If they don't postmark them as used, It's fair game to reuse them!! I NEVER walk past a coin on the ground, NEVER. My father told me, save your penny's and the dollars will take care of themselves. I use a coupon when I have them and if It's for a restaurant, if the service is good, I add the savings to the 20 percent tip I give. I'm so cheap that when my daughter was going to get married I refused to pay for it. Instead I wrote a check and slid it across the table and said, this is not for your wedding, do something smart with it. She did, she bought a house. I was so cheap for the first 20 years of our marriage we didn't go out to eat unless it was a special occasion, now I can afford to buy a restaurant and go out several times a week. Being cheap early on made my life what it is now, a blessing. Some habits die hard, no regrets for being frugal.
 
So I'm cheap but not a idiot!
I learned long ago cheap isn't always best I save a buck and end up replacing it in a month for the more expensive one anyway
 
Don't blame me. Blame the post office for not stamping their mail.

So if I steal your car, but I get away with it because you were not watching it closely enough.... that's ok?

Got it.
 
I dilute liquid hand soap and washing detergent....and stick the bar soap together when the one that's in use gets too thin to use anymore. The list is long and have always been that way and got that way even more once I moved away from home. Always had food on the table and a roof to sleep under but mom used to sew patches on the knees of my play clothes and sometimes wore them to school. I remember seeing that I wasn't the only one at school like that either. I do remember never getting an allowance and mom and dad fighting about the money. Being frugal is serving me pretty well again....

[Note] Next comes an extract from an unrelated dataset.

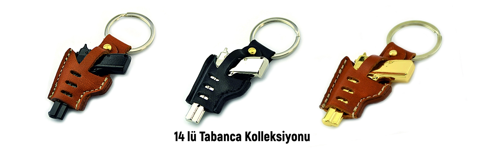 14 lü Tabanca Deri Kılıflı Anahtarlık (Taba)

Growing up in the sixties and seventies with parents that survived the depression taught me a few things about being thrifty, which I didn’t really value at the time.
My dad was hard core abused as a child in the thirties and forties, so he left home to work on the railroad at age 12. Somewhere we have a photo of him with his crew. At an age when he should have been playing with his friends and going to school he is with a crew of men, smoking a cigarette and earning a living. When I was young he used to darn my socks by weaving new thread into the sock. He usually used a contrasting colour and the weaving was indistinguishable from the original fabric. Perfectly done. They were a work of art, and I regret not saving one sock for posterity.
My mom was extremely gifted at sewing. As we wore out our blue jeans she would undo the stitches at the seams and sew a good back part of the legs onto where the worn front was on another pair, turning two worn out pairs into one new pair. You had to look hard and know what to look for to notice what she had done. In the mid seventies, as I was growing faster then grass, she sewed a band of rawhide onto the bottom of my jeans, making them longer and more durable. Everyone that saw them wanted a pair, she probably could have sold millions of them.
My parents both worked their entire lives, dad in the trades, mom at various clerical jobs. We were far from rich but lived a good, middle class life. Dad died at age 67 twenty years ago. Mom died last January. They had saved enough money that each of us four children were left a small fortune. I learned a lot from them but feel guilty that I never got to thank them for the life lessons.
 
One way to find out. Ask how much they tip and what beer they drink.
I don't drink expensive beer....but i don't drink the cheapest either. And I dont tip bar staff....its not a thing over here...we just try to pay them right in the first place!
I would say i'm frugal rather than cheap (or tight as we say here!) Having next to no money and living in the middle of nowhere when i was young with no shops to buy stuff taught me how to mend stuff, weld and generally find a way to fix stuff that others would throw away and replace! I could rebuild a motorcycle engine when i was 16 and rebuilt my first car engine when i was 18 (1.3 four cylinder Ford Escort Mk2!) when I broke a ring on number 3 (funny how you remember details like that!!) due to thrashing it hard!!!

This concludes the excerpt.